Governing honestly and openly and voting based on what's good for the country rather than for your election actually means something right now. It's really dangerous right now to be seen being corrupt in a corrupt system. Ben Nelson used to look like an honorable person in a corrupt system. Then he flipped to looking like one of the corruptors.
With that I would pair today's assessment of the financial reform bill agreement hashed out yesterday by the House-Senate conference from Paul Kanjorski, a strong advocate for tough regulation of the banks, as reported by the Times-Tribune in Scranton, PA:
He rated his overall satisfaction with the bill an "8."
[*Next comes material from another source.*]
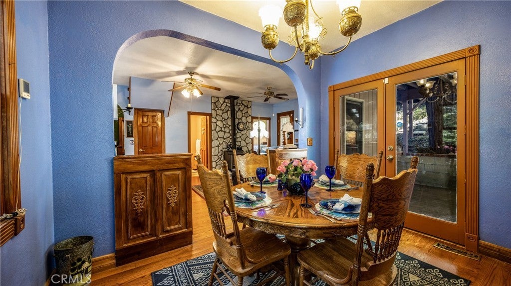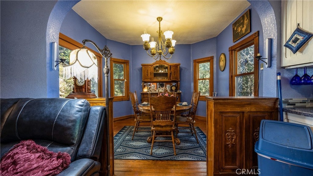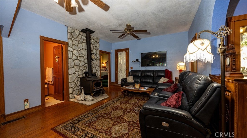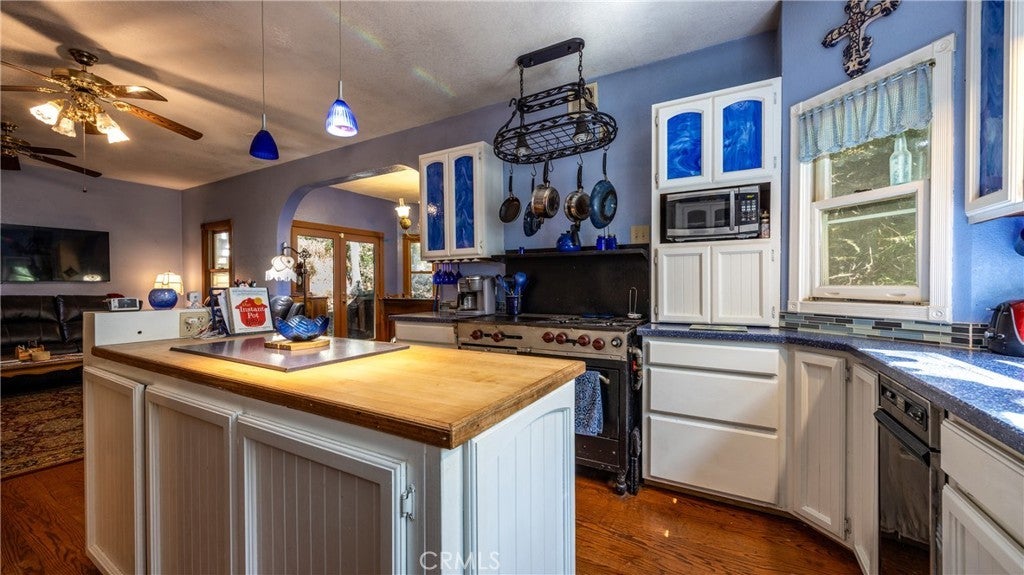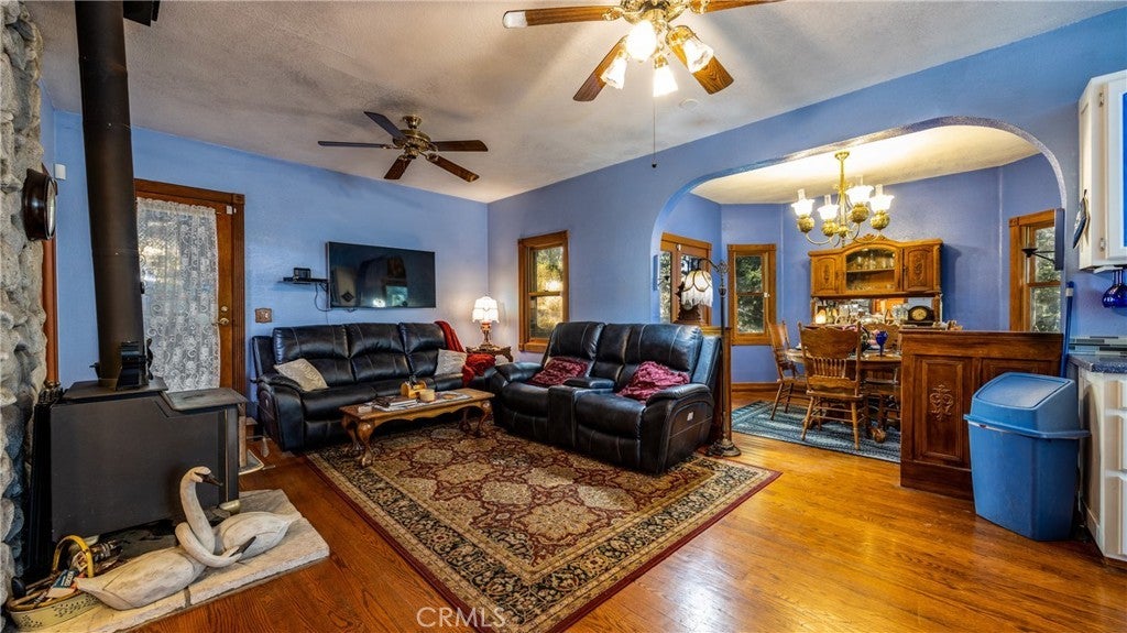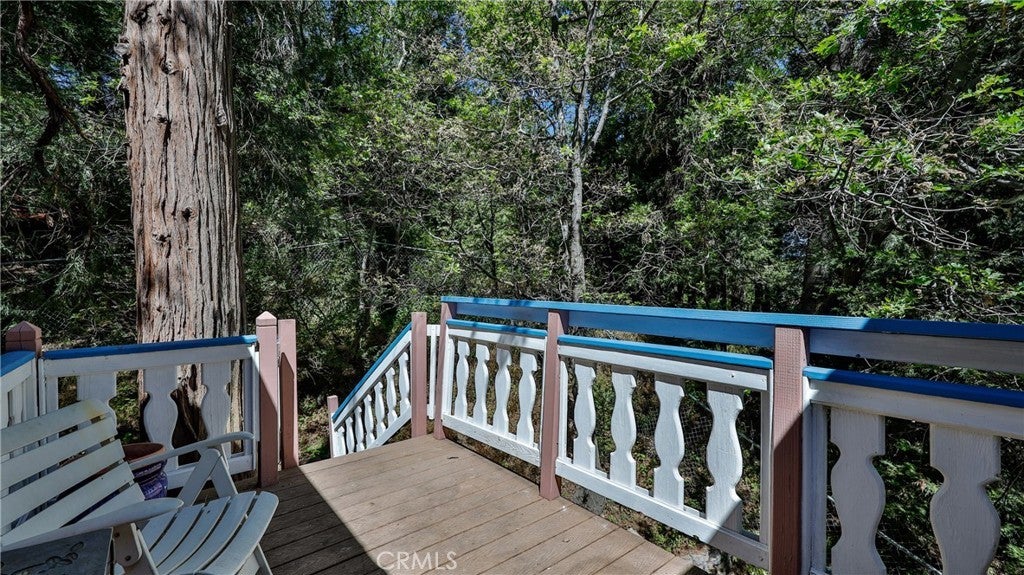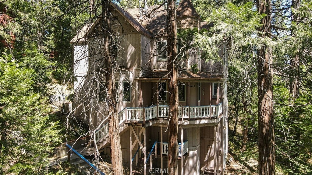 **Victorian Elegance Among the Treetops!** This large custom Victorian home offers 4 bedrooms, 2.5 baths, and timeless craftsmanship throughout. Step into a grand entry featuring rich wood flooring, an open staircase, and handcrafted wood banisters that set the tone for the home's warm, inviting style. The main level boasts an open-concept layout connecting the living, kitchen, and dining areas—all with wood floors. The chef’s kitchen is highlighted by quartz countertops, a Wolf range, high ceilings, and a central island with inside cabinet appliance lift. The living room includes a ceiling fan, energy-efficient dual-pane wood-framed windows, a cozy wood-burning stove, and direct access to a covered patio—also accessible from the dining room through elegant double doors. The spacious primary suite is located on the main floor and features a full wall of custom closets, private access to the patio, and a luxurious bath complete with clawfoot tub, separate shower, and a dedicated vanity area. Upstairs, you’ll find a bright family room and loft with extensive built-in cabinetry, and access to a private deck with serene treetop views. Three additional bedrooms offer flexibility, including one with dual desk space and storage—ideal for a home office. Another features a charming window seat and ceiling fan, while the third includes built-ins and an attached bath. A large, partially finished basement provides laundry hookups, multiple rooms for storage, workshop space, or future potential—complete with a separate exterior entrance. Enjoy peaceful privacy and Victorian charm nestled in the trees—this is mountain living at its finest.

The Nanticoke Democrat was one of 16 House members who joined 12 senators burning the midnight oil on what many consider the most sweeping financial reform bill since the Great Depression.

What made the conference more remarkable is that it was open to the public and televised on C-SPAN, said Mr. Kanjorski, who said it democratized and streamlined the process.

"Fewer legislative games were being played," he said. "Viewers left with a realization that none of this was simple.
Kanjorski has some credibility on this front, insofar as he managed to preserve an amendment bearing his name, well-regarded by the regulatory hawks including Simon Johnson at The Baseline Scenario, that empowers the newly established Financial Services Oversight Council to to intervene in various ways in the operations of a financial company it deems "systemically risky," including "modifying existing prudential standards, imposing conditions on or terminating activities, limiting mergers and acquisitions, and in the most extreme cases, breaking up the company."

The Democrats may well be washed out in a tsunami of economic discontent in November. And no one knows how the mammoth health care and financial reform overhauls will play out over the decades. But my bet is that history will honor the 111th Congress -- and the administration that largely shaped both bills behind the scenes.

Kudos, btw, to Gail Collins for giving Nancy Pelosi her due today.